>>>>

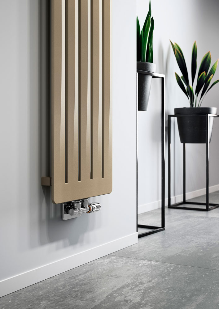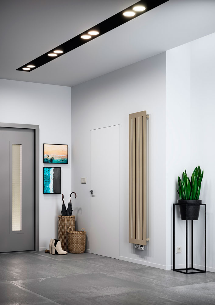 Terma Aero V - дизайнерський вертикальний радіатор від перевіреного польського виробника опалювальної техніки. Оригінальний дизайн не схожий на звичні трубчасті батареї, а є цілісною плоскою панеллю з вертикальними прорізами, ширина прямокутних секцій - 70 мм, глибина - всього 11 мм. Така конструкція справді створює враження легкості та повітряності. Унікальна форма даного приладу була створена завдяки технології "керованій деформації".
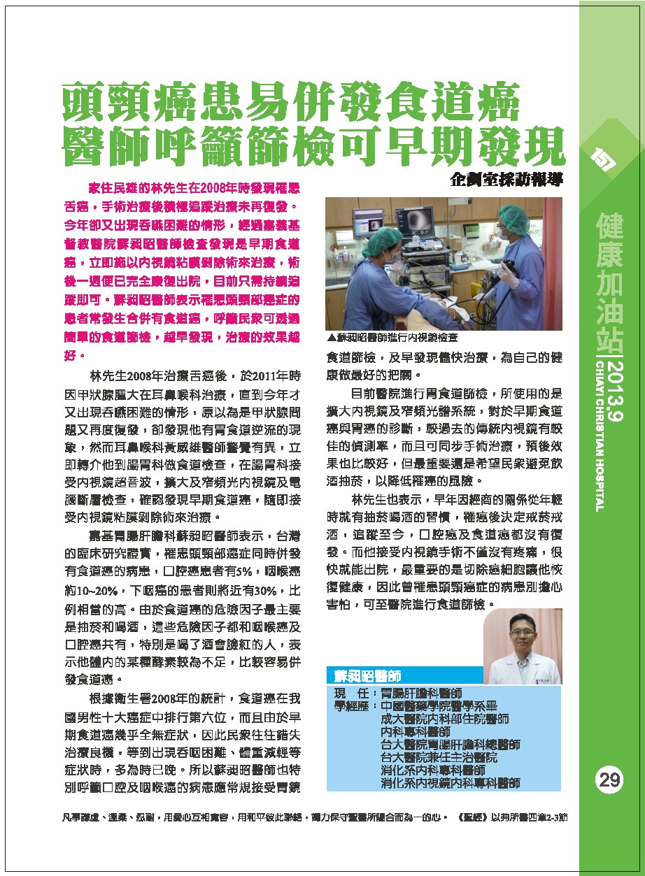 頭頸癌患易併發食道癌 醫師呼籲篩檢可早期發現
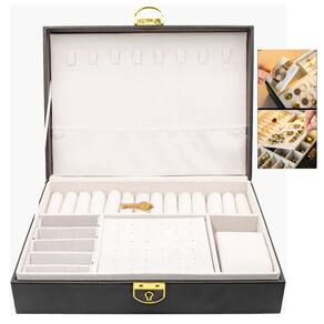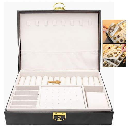 Armazenamento interno personalizável: múltiplos compartimentos separados com divisórias removíveis para acomodar joias de diferentes tamanhos e formatos.
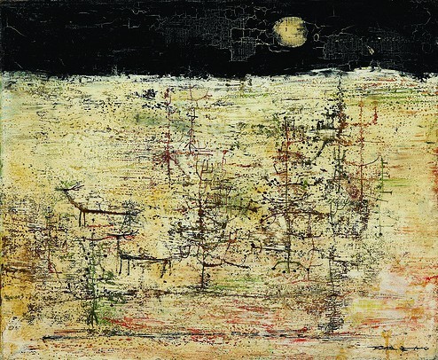 《有月亮的风景》是赵无极作于50年代早期的作品,他汲取充满幻想玄妙氛围的点与线描绘景色,将晕黄色的月在深沉的黑昼映照着斑驳的黄土地,如甲骨文裂缝般的细劲线条,形象出鹿与书的简洁造型,充满着对亘古文化源远流长的崇敬。赵无极在1948年春离开祖国,到法国巴黎开始艺术生涯的新旅程。为了寻找新的艺术天地,发展新的艺术形式与技巧,他在巴黎如饥似渴地流连于世界名作之前,广泛接触各种新的艺术流派。由于他非凡的才智和努力,很快就找到了自己的艺术方向。他勇于探索,把中国传统的艺术精神融和到现代艺术中去,形成了独特的艺术风格,引起了巴黎画坛的注意和肯定。
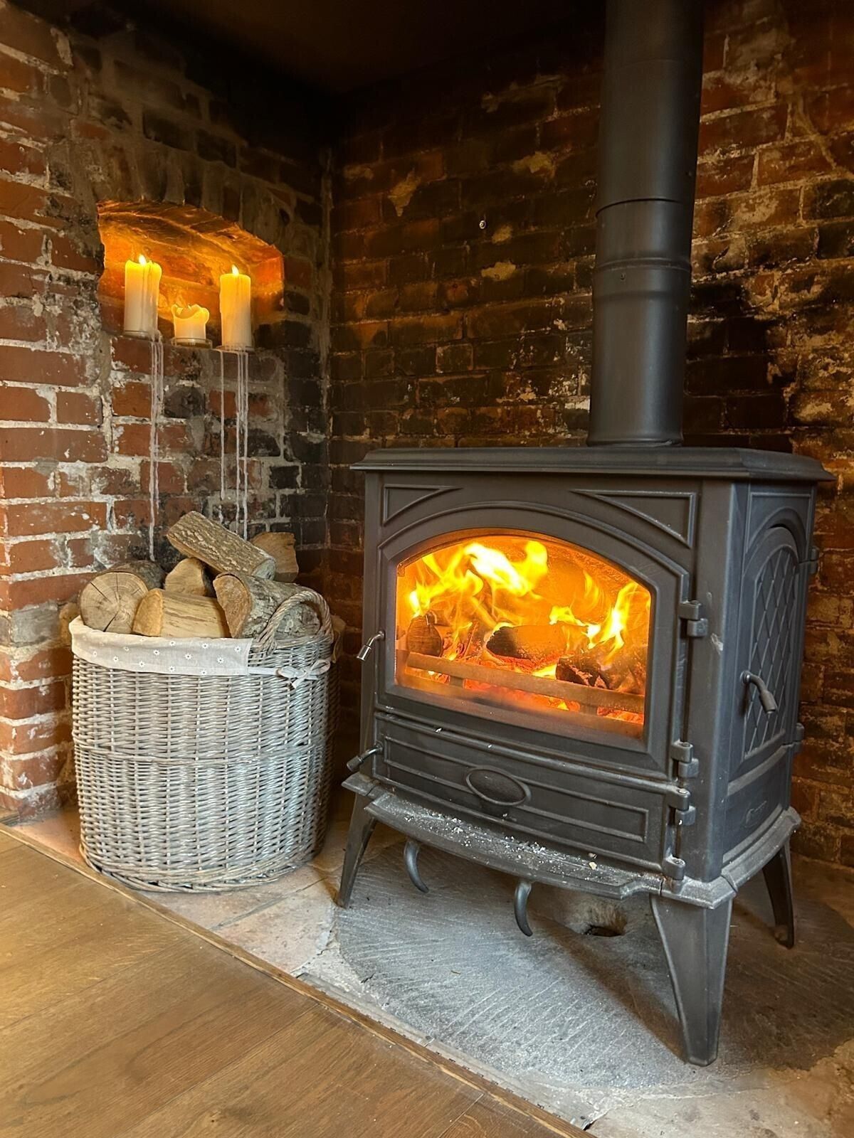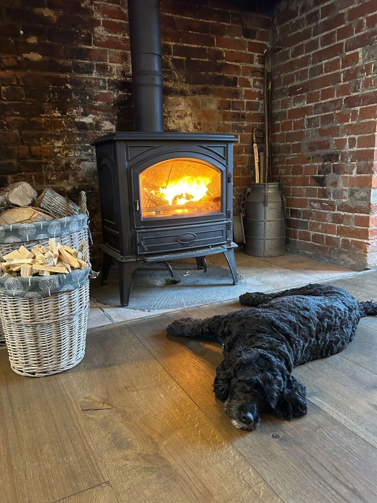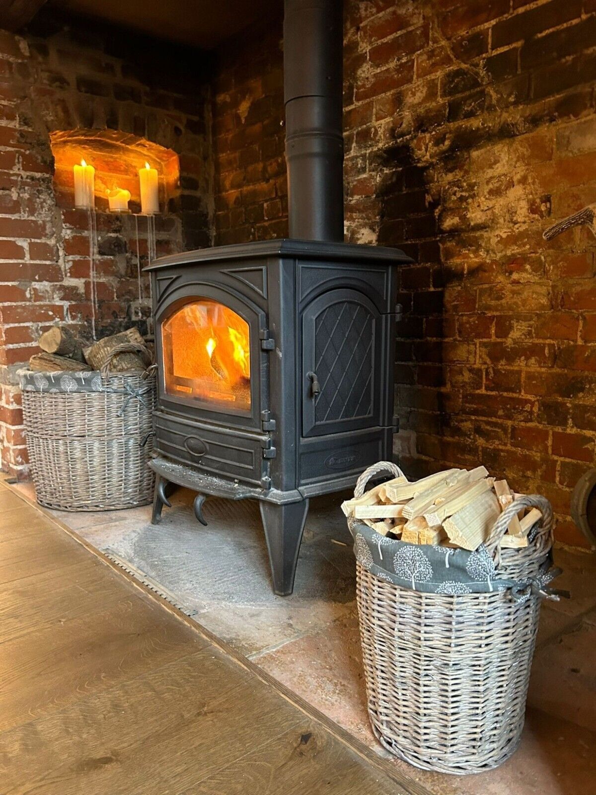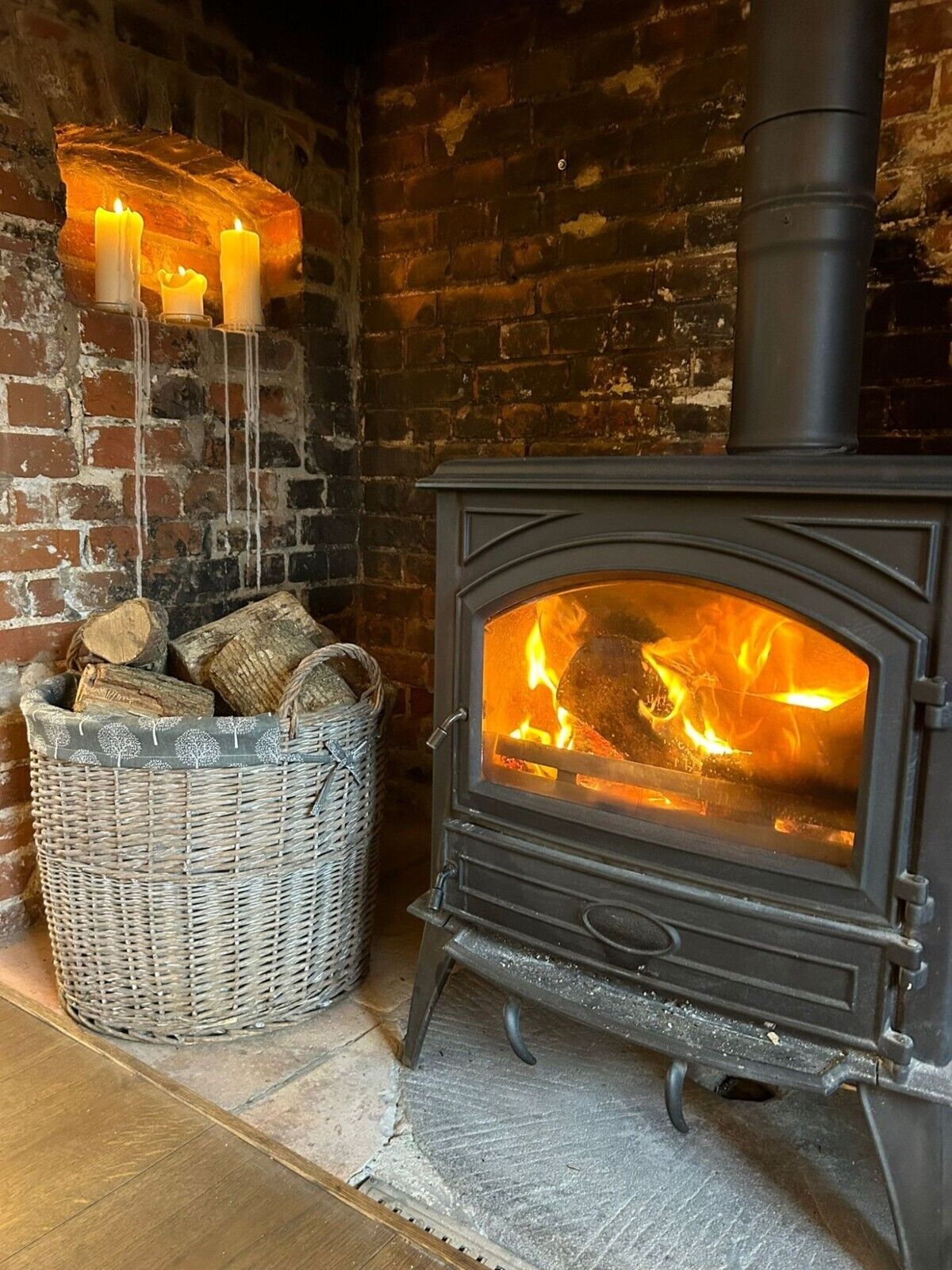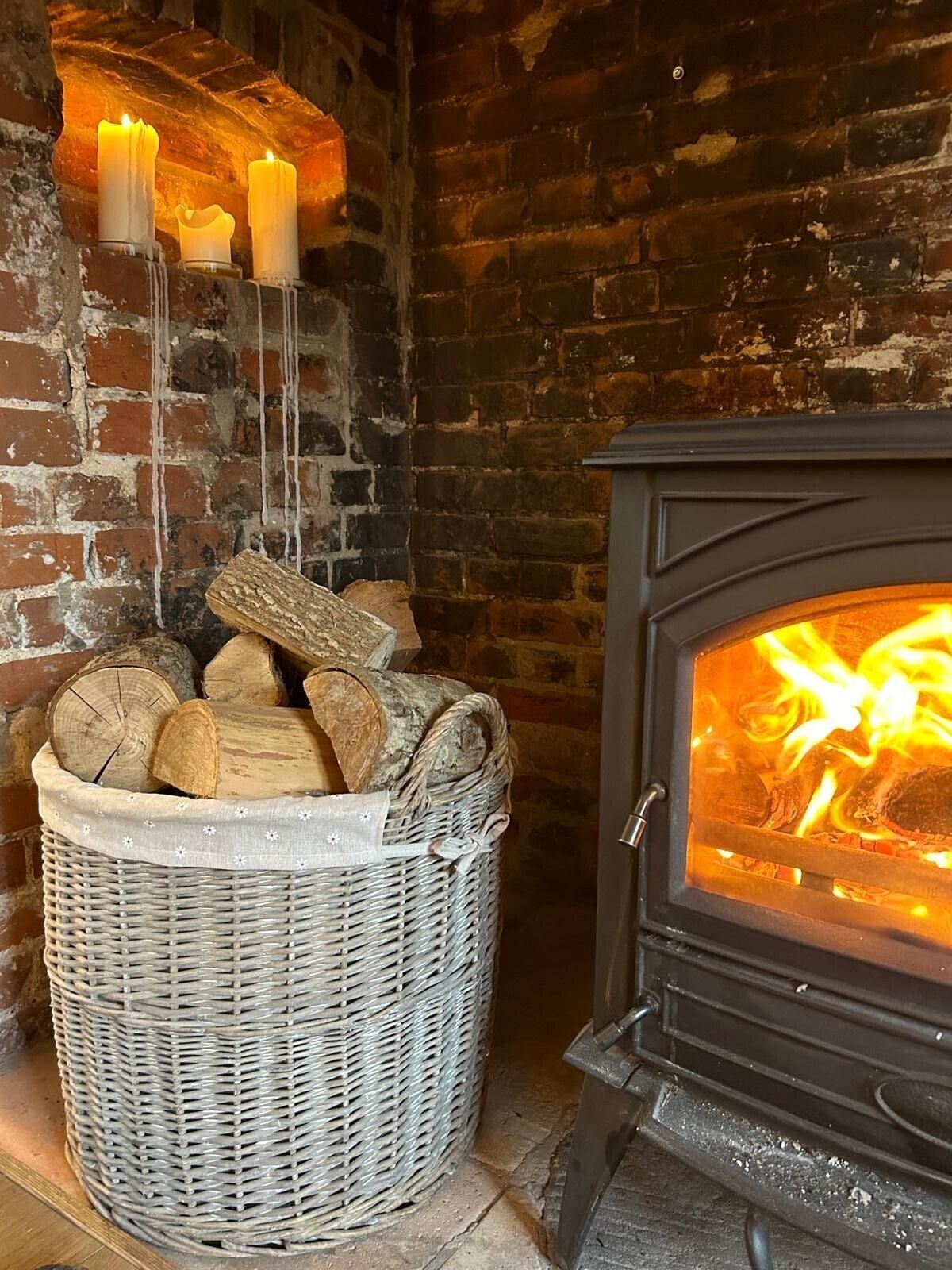 Round Grey-wash Wicker Log Fireside Storage Basket with Mulberry Liner
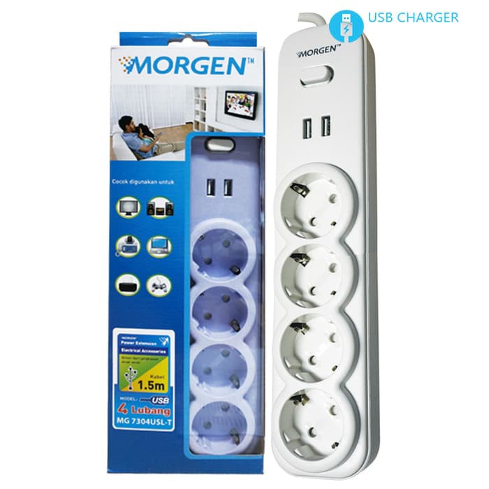 Stop kontak Merk MORGEN 4 lobang Model MG 7304USL-TPanjang kabel : 1.5 meter ( Tembaga Murni )2 Port USB : 2.1APenutup otomatis di tiap lubang socket + terbuat dari bahan Polycarbonate tahan api.Dilengkapi dengan 1 saklar ON-OFF ( saklar utama )Detail produk dari Morgen Stop Kontak Morgen 4 Lubang + Saklar + kabel 1,5 meter + 2 port USB- Tegangan : 250 V- Daya Listrik : 2500W- Teminal Kuningan- Tersedia 3 warna variant (Putih, Ungu, Biru) : di kirim secara acak ( no komplain )FItur :- Berlisensi SNI , NPB : 111-116-150264- Terminal terbuat dari kuningan sehingga tidak mudah panas.- Dilengkapi dengan penutup otomatis disetiap lubang socket untuk melindungi anak-anak dari resiko sengatan listrik- Terbuat dari bahan Polycarbonate (PC) yang tahan api dan tidak mudah pecah.- Bergaransi 1 tahunProduk terkait STOP KONTAK MORGEN with USB :- Stop kontak 1 lobang di lengkapi 2 port USB handphone 2.1A : - MG7303USL-T Morgen Stop Kontak 3 Lubang + Saklar + kabel 1,5 m + 2 USB : - MG7304USL-T Morgen Stop Kontak 4 Lubang + Saklar + kabel 1,5 m + 2 USB : - MG7303USL-S Morgen Stop Kontak 3 Lubang + 4 Saklar + kabel 1,5m + 2USB : - MG7304USL-S Morgen Stop Kontak 4 Lubang + 5 Saklar + kabel 1,5m + 2USB : barang tersedia boss , langsung dipesan , akan segera kami p
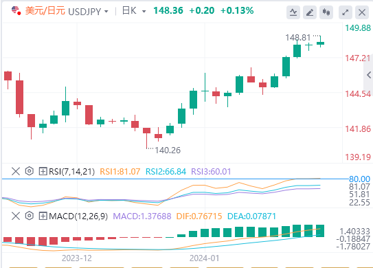 今天的预期交易区间在147.50支撑位和149.10阻力位之间。
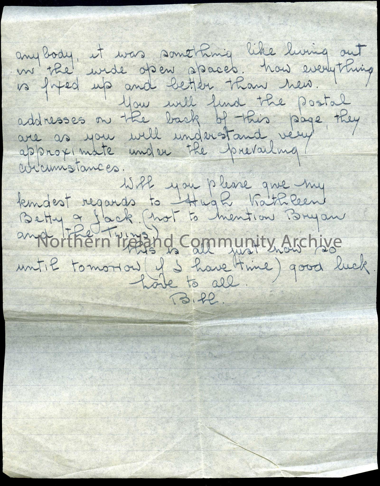 Page two of two page letter from Bill (William McCrory) to Tilly and dad. Sent from Liverpool and dated 21st April 1941. Letting them know that he lea…
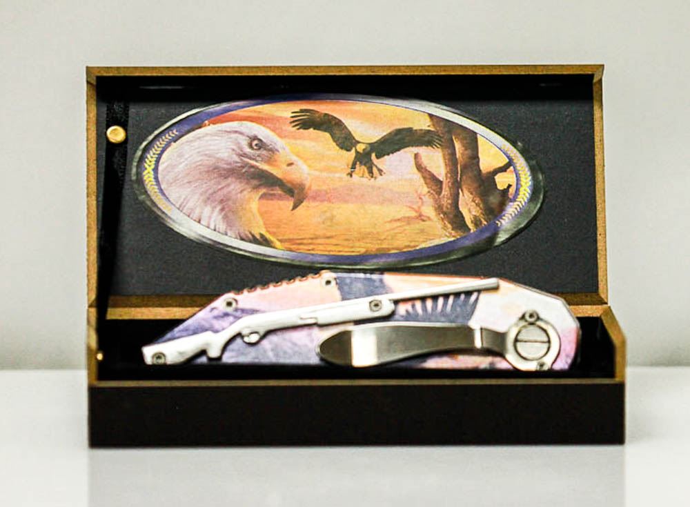 EAGLE AND SHOTGUN DESIGN STAINLESS STEEL TONTO BLADE KN **|**|** EAGLE AND SHOTGUN DESIGN STAINLESS STEEL TONTO BLADE KNIFE W/ WOODEN BOX
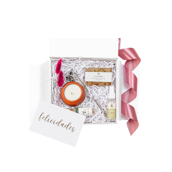Al agregar tu regalo, puedes seleccionar el color del listón de tela satinada, la flor natural preservada que más te guste, el diseño de la tarjeta con acabado soft touch y detalles en foil dorado, y además incluir un mensaje escrito a mano. Cada elección hace tu obsequio aún más personal y especial.

<<<<

**WHAT IS REQUIRED**. Output each record above word for word, leaving out images.

**TASK OUTPUT**.
 Terma Aero V - дизайнерський вертикальний радіатор від перевіреного польського виробника опалювальної техніки. Оригінальний дизайн не схожий на звичні трубчасті батареї, а є цілісною плоскою панеллю з вертикальними прорізами, ширина прямокутних секцій - 70 мм, глибина - всього 11 мм. Така конструкція справді створює враження легкості та повітряності. Унікальна форма даного приладу була створена завдяки технології "керованій деформації".
 頭頸癌患易併發食道癌 醫師呼籲篩檢可早期發現
 Armazenamento interno personalizável: múltiplos compartimentos separados com divisórias removíveis para acomodar joias de diferentes tamanhos e formatos.
 《有月亮的风景》是赵无极作于50年代早期的作品,他汲取充满幻想玄妙氛围的点与线描绘景色,将晕黄色的月在深沉的黑昼映照着斑驳的黄土地,如甲骨文裂缝般的细劲线条,形象出鹿与书的简洁造型,充满着对亘古文化源远流长的崇敬。赵无极在1948年春离开祖国,到法国巴黎开始艺术生涯的新旅程。为了寻找新的艺术天地,发展新的艺术形式与技巧,他在巴黎如饥似渴地流连于世界名作之前,广泛接触各种新的艺术流派。由于他非凡的才智和努力,很快就找到了自己的艺术方向。他勇于探索,把中国传统的艺术精神融和到现代艺术中去,形成了独特的艺术风格,引起了巴黎画坛的注意和肯定。
 Round Grey-wash Wicker Log Fireside Storage Basket with Mulberry Liner
 Stop kontak Merk MORGEN 4 lobang Model MG 7304USL-TPanjang kabel : 1.5 meter ( Tembaga Murni )2 Port USB : 2.1APenutup otomatis di tiap lubang socket + terbuat dari bahan Polycarbonate tahan api.Dilengkapi dengan 1 saklar ON-OFF ( saklar utama )Detail produk dari Morgen Stop Kontak Morgen 4 Lubang + Saklar + kabel 1,5 meter + 2 port USB- Tegangan : 250 V- Daya Listrik : 2500W- Teminal Kuningan- Tersedia 3 warna variant (Putih, Ungu, Biru) : di kirim secara acak ( no komplain )FItur :- Berlisensi SNI , NPB : 111-116-150264- Terminal terbuat dari kuningan sehingga tidak mudah panas.- Dilengkapi dengan penutup otomatis disetiap lubang socket untuk melindungi anak-anak dari resiko sengatan listrik- Terbuat dari bahan Polycarbonate (PC) yang tahan api dan tidak mudah pecah.- Bergaransi 1 tahunProduk terkait STOP KONTAK MORGEN with USB :- Stop kontak 1 lobang di lengkapi 2 port USB handphone 2.1A : - MG7303USL-T Morgen Stop Kontak 3 Lubang + Saklar + kabel 1,5 m + 2 USB : - MG7304USL-T Morgen Stop Kontak 4 Lubang + Saklar + kabel 1,5 m + 2 USB : - MG7303USL-S Morgen Stop Kontak 3 Lubang + 4 Saklar + kabel 1,5m + 2USB : - MG7304USL-S Morgen Stop Kontak 4 Lubang + 5 Saklar + kabel 1,5m + 2USB : barang tersedia boss , langsung dipesan , akan segera kami p
 今天的预期交易区间在147.50支撑位和149.10阻力位之间。
 Page two of two page letter from Bill (William McCrory) to Tilly and dad. Sent from Liverpool and dated 21st April 1941. Letting them know that he lea…
 EAGLE AND SHOTGUN DESIGN STAINLESS STEEL TONTO BLADE KN **|**|** EAGLE AND SHOTGUN DESIGN STAINLESS STEEL TONTO BLADE KNIFE W/ WOODEN BOX
Al agregar tu regalo, puedes seleccionar el color del listón de tela satinada, la flor natural preservada que más te guste, el diseño de la tarjeta con acabado soft touch y detalles en foil dorado, y además incluir un mensaje escrito a mano. Cada elección hace tu obsequio aún más personal y especial.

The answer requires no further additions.